BEGIN Data for processing
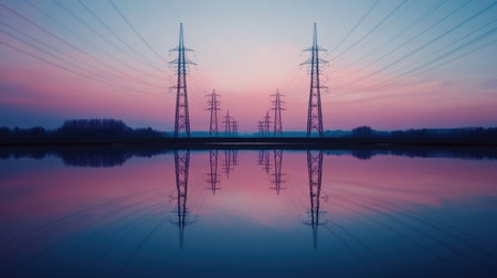 Captivating landscape featuring rows of power lines silhouetted against a stunning sunrise, reflecting on tranquil water, creating a serene environment.
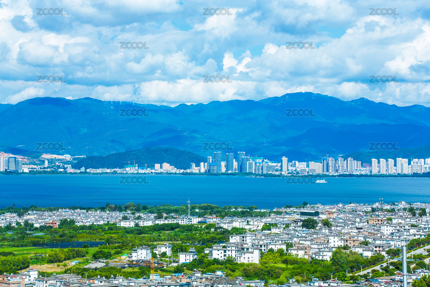 中国云南省大理市俯瞰洱海外滩城区高楼建筑
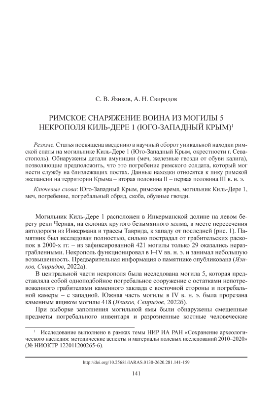 Статья посвящена введению в научный оборот уникальной находки римской спаты на могильнике Киль-Дере 1 (Юго-Западный Крым, окрестности г. Севастополь). Обнаружены детали амуниции (меч, железные гвозди от обуви калига), позволяющие предположить, что это погребение римского солдата, который мог нести службу на близлежащих постах. Данные находки относятся к пику римской экспансии на территории Крыма – вторая половина II – первая половина III в. н. э.
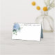 This folded name place card is shown in basic white with a lovely blue hydrangea floral accent and has sample custom names.
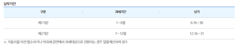 다만, 상반기에 신차를 구입했거나, 중고차를 이전받은 경우에는 취득일부터 6월 말까지 소유한 기간에 대해 일할 계산된 금액이 부과된다.
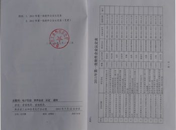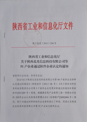 7月22号 我公司接收到陕西省工业和信息化厅下发的通过软件企业认定的通知具体信息如下:
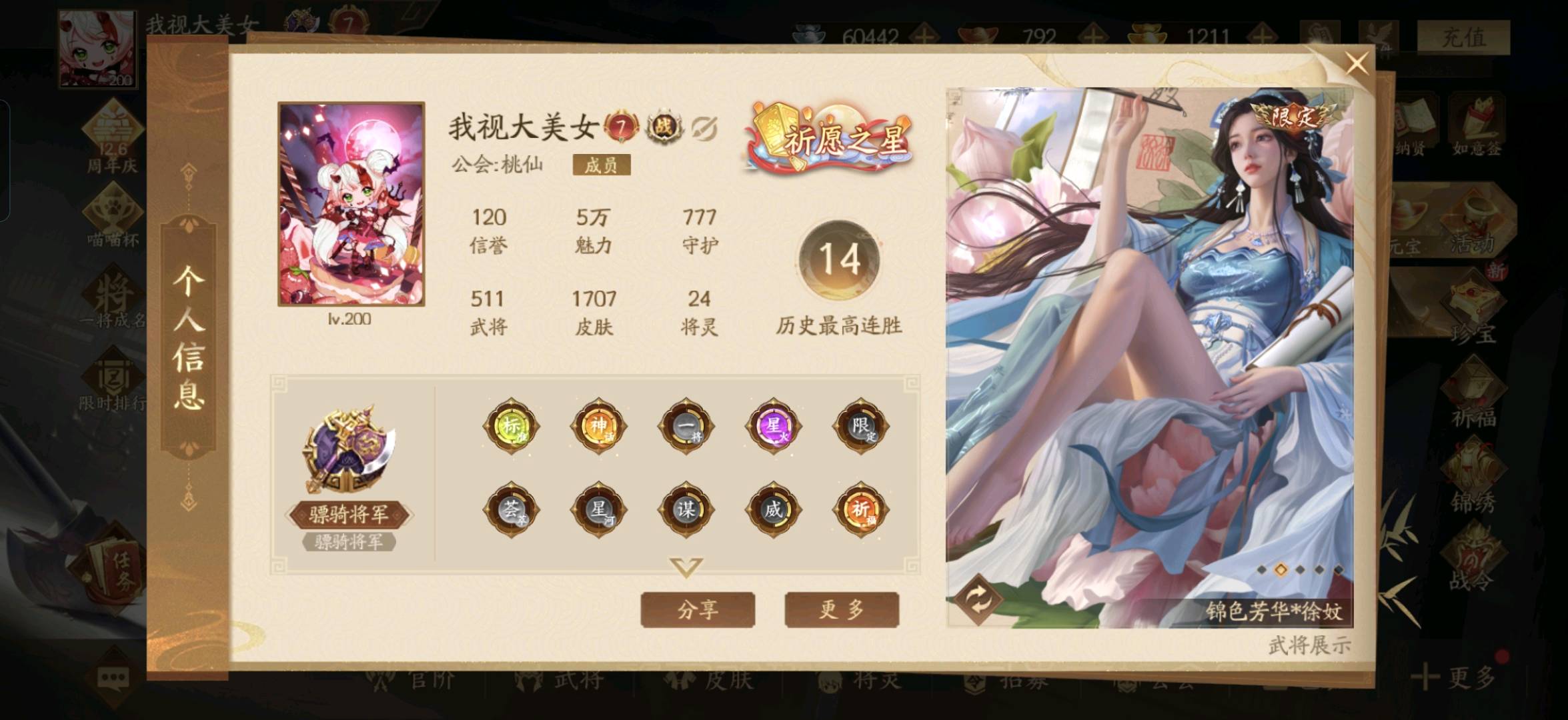 【全平台】 🔥【多赠租送】511将骠骑新氪【威曹操郭缇萦徐妏神典韦】六威九神武三谋九乐许靖1714皮/禁言中
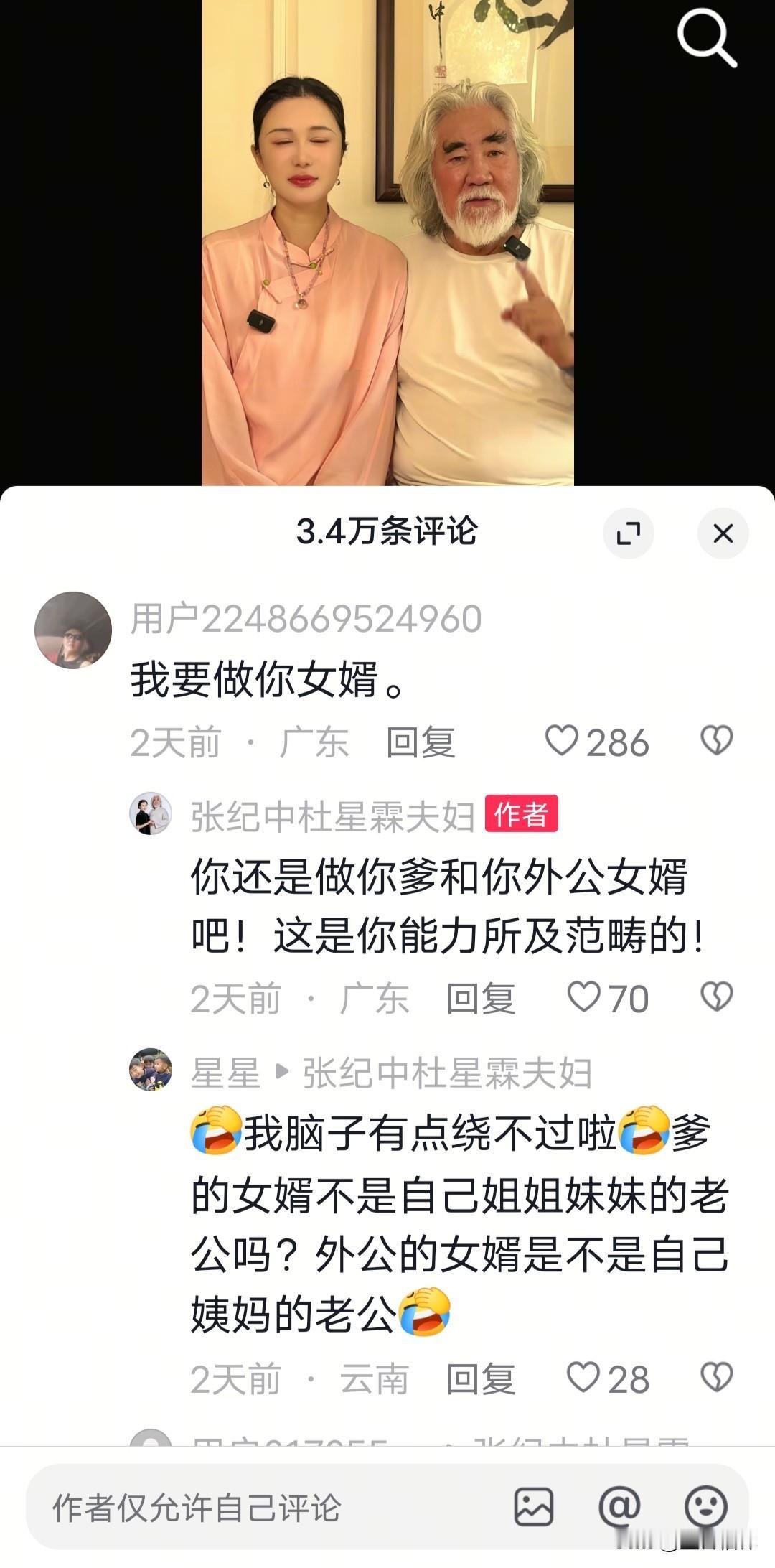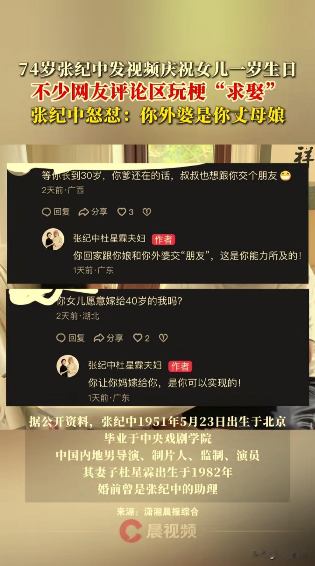 74岁的张纪中和43岁的老婆杜星霖发视频祝女儿一岁生日快乐,评论区不少网友们玩梗“求娶”,说想做他女婿,张纪中怒怼网友。 近日张纪中导演夫妇在社交平台上发布了一段为小女儿“小龙珠”庆祝一岁生日的视频。 为孩子送上了寄语:爸爸会用足够的生命经验去挖掘你的擅长,你如果没有擅长,我们就托举你完成你的热爱…… 部分网友评论区玩起了梗,留下了“我要做你的女婿”之类的求娶的评论,有网友表示“我要做你的女婿”,张纪中回应到:“你还是做你爹和你外公的女婿吧”。 张纪中 杜星霖 张纪中带娃日常 张纪中女儿
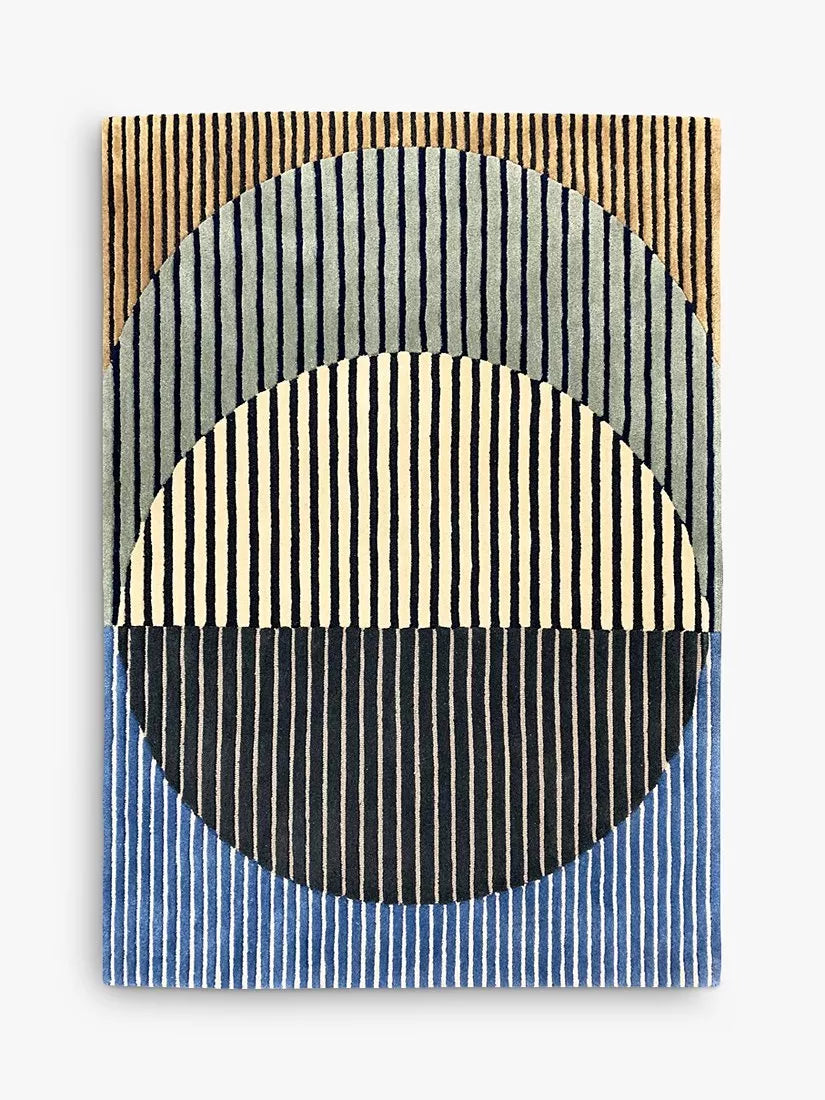 The Logan rug design is made up of a classic Margo Selby motif, oversized and filled with varying scales of linear pattern. The pattern-within-pattern effect brings smart architectural texture to the floor. The limited palette references the inky tones of traditional indigo textiles.
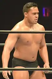 Henare signed with NJPW in early 2016 and debuted in September of that year, losing to Pro Wrestling Noah's Quiet Storm at Lion's Gate Project 3.[9] Henare's first win in NJPW came on 6 September, when he defeated fellow young lion Hirai Kawato.[10] He appeared on his first major NJPW show, Destruction in Tokyo on 17 September, teaming with David Finlay in a losing effort against Roppongi Vice.[11] On 12 November, Henare returned to his home city of Auckland, New Zealand, defeating Hikule'o at a Bad Luck Fale produced show.[12] Henare entered the 2016 World Tag League alongside veteran Manabu Nakanishi. The two finished last in their block with zero wins and zero points. On 21 February 2017, in a match with Tomoyuki Oka, Henare suffered an Achilles tendon injury and the match had to be stopped. He was taken out on a stretcher. Henare returned in November for the 2017 World Tag League, where he teamed with Togi Makabe.[13] The two finished the tournament with a record of one win and six losses.[14]
END Data for processing
In your copy, exclude the pictures and repeat each entry above exactly.

 Captivating landscape featuring rows of power lines silhouetted against a stunning sunrise, reflecting on tranquil water, creating a serene environment.
 中国云南省大理市俯瞰洱海外滩城区高楼建筑
 Статья посвящена введению в научный оборот уникальной находки римской спаты на могильнике Киль-Дере 1 (Юго-Западный Крым, окрестности г. Севастополь). Обнаружены детали амуниции (меч, железные гвозди от обуви калига), позволяющие предположить, что это погребение римского солдата, который мог нести службу на близлежащих постах. Данные находки относятся к пику римской экспансии на территории Крыма – вторая половина II – первая половина III в. н. э.
 This folded name place card is shown in basic white with a lovely blue hydrangea floral accent and has sample custom names.
 다만, 상반기에 신차를 구입했거나, 중고차를 이전받은 경우에는 취득일부터 6월 말까지 소유한 기간에 대해 일할 계산된 금액이 부과된다.
 7月22号 我公司接收到陕西省工业和信息化厅下发的通过软件企业认定的通知具体信息如下:
 【全平台】 🔥【多赠租送】511将骠骑新氪【威曹操郭缇萦徐妏神典韦】六威九神武三谋九乐许靖1714皮/禁言中
 74岁的张纪中和43岁的老婆杜星霖发视频祝女儿一岁生日快乐,评论区不少网友们玩梗“求娶”,说想做他女婿,张纪中怒怼网友。 近日张纪中导演夫妇在社交平台上发布了一段为小女儿“小龙珠”庆祝一岁生日的视频。 为孩子送上了寄语:爸爸会用足够的生命经验去挖掘你的擅长,你如果没有擅长,我们就托举你完成你的热爱…… 部分网友评论区玩起了梗,留下了“我要做你的女婿”之类的求娶的评论,有网友表示“我要做你的女婿”,张纪中回应到:“你还是做你爹和你外公的女婿吧”。 张纪中 杜星霖 张纪中带娃日常 张纪中女儿
 The Logan rug design is made up of a classic Margo Selby motif, oversized and filled with varying scales of linear pattern. The pattern-within-pattern effect brings smart architectural texture to the floor. The limited palette references the inky tones of traditional indigo textiles.
 Henare signed with NJPW in early 2016 and debuted in September of that year, losing to Pro Wrestling Noah's Quiet Storm at Lion's Gate Project 3.[9] Henare's first win in NJPW came on 6 September, when he defeated fellow young lion Hirai Kawato.[10] He appeared on his first major NJPW show, Destruction in Tokyo on 17 September, teaming with David Finlay in a losing effort against Roppongi Vice.[11] On 12 November, Henare returned to his home city of Auckland, New Zealand, defeating Hikule'o at a Bad Luck Fale produced show.[12] Henare entered the 2016 World Tag League alongside veteran Manabu Nakanishi. The two finished last in their block with zero wins and zero points. On 21 February 2017, in a match with Tomoyuki Oka, Henare suffered an Achilles tendon injury and the match had to be stopped. He was taken out on a stretcher. Henare returned in November for the 2017 World Tag League, where he teamed with Togi Makabe.[13] The two finished the tournament with a record of one win and six losses.[14]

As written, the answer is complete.